What is expected: Word for word, please restate the lines from the beginning of the data through the line in which "While there are" appears.

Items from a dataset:
--------------------
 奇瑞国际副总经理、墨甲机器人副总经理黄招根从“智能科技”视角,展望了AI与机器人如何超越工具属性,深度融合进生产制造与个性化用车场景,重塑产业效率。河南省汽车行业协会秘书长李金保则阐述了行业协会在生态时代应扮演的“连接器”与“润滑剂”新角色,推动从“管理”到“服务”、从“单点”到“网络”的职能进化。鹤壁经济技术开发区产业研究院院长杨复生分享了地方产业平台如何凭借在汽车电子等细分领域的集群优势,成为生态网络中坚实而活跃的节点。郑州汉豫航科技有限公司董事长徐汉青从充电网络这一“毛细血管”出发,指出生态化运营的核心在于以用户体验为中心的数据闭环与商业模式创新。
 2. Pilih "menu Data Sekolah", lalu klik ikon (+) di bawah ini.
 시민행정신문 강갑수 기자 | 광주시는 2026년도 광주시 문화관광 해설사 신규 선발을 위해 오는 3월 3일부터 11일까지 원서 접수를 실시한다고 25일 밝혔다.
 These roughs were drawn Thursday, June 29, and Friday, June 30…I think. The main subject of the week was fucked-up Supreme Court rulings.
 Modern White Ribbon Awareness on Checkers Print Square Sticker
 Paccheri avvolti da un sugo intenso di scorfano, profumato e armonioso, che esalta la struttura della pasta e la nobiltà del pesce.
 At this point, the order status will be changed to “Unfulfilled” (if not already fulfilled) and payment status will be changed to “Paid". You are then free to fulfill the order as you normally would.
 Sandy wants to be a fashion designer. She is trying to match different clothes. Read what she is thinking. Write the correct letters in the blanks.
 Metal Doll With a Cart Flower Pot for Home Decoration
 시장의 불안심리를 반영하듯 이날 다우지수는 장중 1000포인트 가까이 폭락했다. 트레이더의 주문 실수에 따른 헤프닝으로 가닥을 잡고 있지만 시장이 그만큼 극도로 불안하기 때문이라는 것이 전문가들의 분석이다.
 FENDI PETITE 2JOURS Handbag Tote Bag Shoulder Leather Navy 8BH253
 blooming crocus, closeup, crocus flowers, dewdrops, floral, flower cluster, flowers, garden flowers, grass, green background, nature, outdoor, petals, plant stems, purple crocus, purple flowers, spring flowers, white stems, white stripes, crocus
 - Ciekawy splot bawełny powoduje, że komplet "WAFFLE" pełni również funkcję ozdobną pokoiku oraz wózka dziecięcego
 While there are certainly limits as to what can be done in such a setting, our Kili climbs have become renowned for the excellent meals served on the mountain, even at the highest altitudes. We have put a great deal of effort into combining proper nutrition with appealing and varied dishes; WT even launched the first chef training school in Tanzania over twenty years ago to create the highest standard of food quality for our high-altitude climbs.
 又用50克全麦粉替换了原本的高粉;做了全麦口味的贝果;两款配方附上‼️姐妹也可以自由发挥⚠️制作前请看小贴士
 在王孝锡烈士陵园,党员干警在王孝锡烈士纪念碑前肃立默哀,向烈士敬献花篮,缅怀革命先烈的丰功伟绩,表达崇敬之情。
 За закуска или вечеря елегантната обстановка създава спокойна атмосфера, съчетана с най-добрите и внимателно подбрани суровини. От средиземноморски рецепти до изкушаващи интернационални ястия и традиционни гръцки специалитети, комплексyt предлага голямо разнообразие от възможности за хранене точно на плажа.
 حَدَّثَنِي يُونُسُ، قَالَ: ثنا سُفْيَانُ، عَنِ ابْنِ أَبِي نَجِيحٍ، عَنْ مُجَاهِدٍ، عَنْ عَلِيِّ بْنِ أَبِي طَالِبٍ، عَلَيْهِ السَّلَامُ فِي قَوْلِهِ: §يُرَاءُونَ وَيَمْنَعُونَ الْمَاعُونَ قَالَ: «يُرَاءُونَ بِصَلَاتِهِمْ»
--------------------
Finished task:
 奇瑞国际副总经理、墨甲机器人副总经理黄招根从“智能科技”视角,展望了AI与机器人如何超越工具属性,深度融合进生产制造与个性化用车场景,重塑产业效率。河南省汽车行业协会秘书长李金保则阐述了行业协会在生态时代应扮演的“连接器”与“润滑剂”新角色,推动从“管理”到“服务”、从“单点”到“网络”的职能进化。鹤壁经济技术开发区产业研究院院长杨复生分享了地方产业平台如何凭借在汽车电子等细分领域的集群优势,成为生态网络中坚实而活跃的节点。郑州汉豫航科技有限公司董事长徐汉青从充电网络这一“毛细血管”出发,指出生态化运营的核心在于以用户体验为中心的数据闭环与商业模式创新。
 2. Pilih "menu Data Sekolah", lalu klik ikon (+) di bawah ini.
 시민행정신문 강갑수 기자 | 광주시는 2026년도 광주시 문화관광 해설사 신규 선발을 위해 오는 3월 3일부터 11일까지 원서 접수를 실시한다고 25일 밝혔다.
 These roughs were drawn Thursday, June 29, and Friday, June 30…I think. The main subject of the week was fucked-up Supreme Court rulings.
 Modern White Ribbon Awareness on Checkers Print Square Sticker
 Paccheri avvolti da un sugo intenso di scorfano, profumato e armonioso, che esalta la struttura della pasta e la nobiltà del pesce.
 At this point, the order status will be changed to “Unfulfilled” (if not already fulfilled) and payment status will be changed to “Paid". You are then free to fulfill the order as you normally would.
 Sandy wants to be a fashion designer. She is trying to match different clothes. Read what she is thinking. Write the correct letters in the blanks.
 Metal Doll With a Cart Flower Pot for Home Decoration
 시장의 불안심리를 반영하듯 이날 다우지수는 장중 1000포인트 가까이 폭락했다. 트레이더의 주문 실수에 따른 헤프닝으로 가닥을 잡고 있지만 시장이 그만큼 극도로 불안하기 때문이라는 것이 전문가들의 분석이다.
 FENDI PETITE 2JOURS Handbag Tote Bag Shoulder Leather Navy 8BH253
 blooming crocus, closeup, crocus flowers, dewdrops, floral, flower cluster, flowers, garden flowers, grass, green background, nature, outdoor, petals, plant stems, purple crocus, purple flowers, spring flowers, white stems, white stripes, crocus
 - Ciekawy splot bawełny powoduje, że komplet "WAFFLE" pełni również funkcję ozdobną pokoiku oraz wózka dziecięcego
 While there are certainly limits as to what can be done in such a setting, our Kili climbs have become renowned for the excellent meals served on the mountain, even at the highest altitudes. We have put a great deal of effort into combining proper nutrition with appealing and varied dishes; WT even launched the first chef training school in Tanzania over twenty years ago to create the highest standard of food quality for our high-altitude climbs.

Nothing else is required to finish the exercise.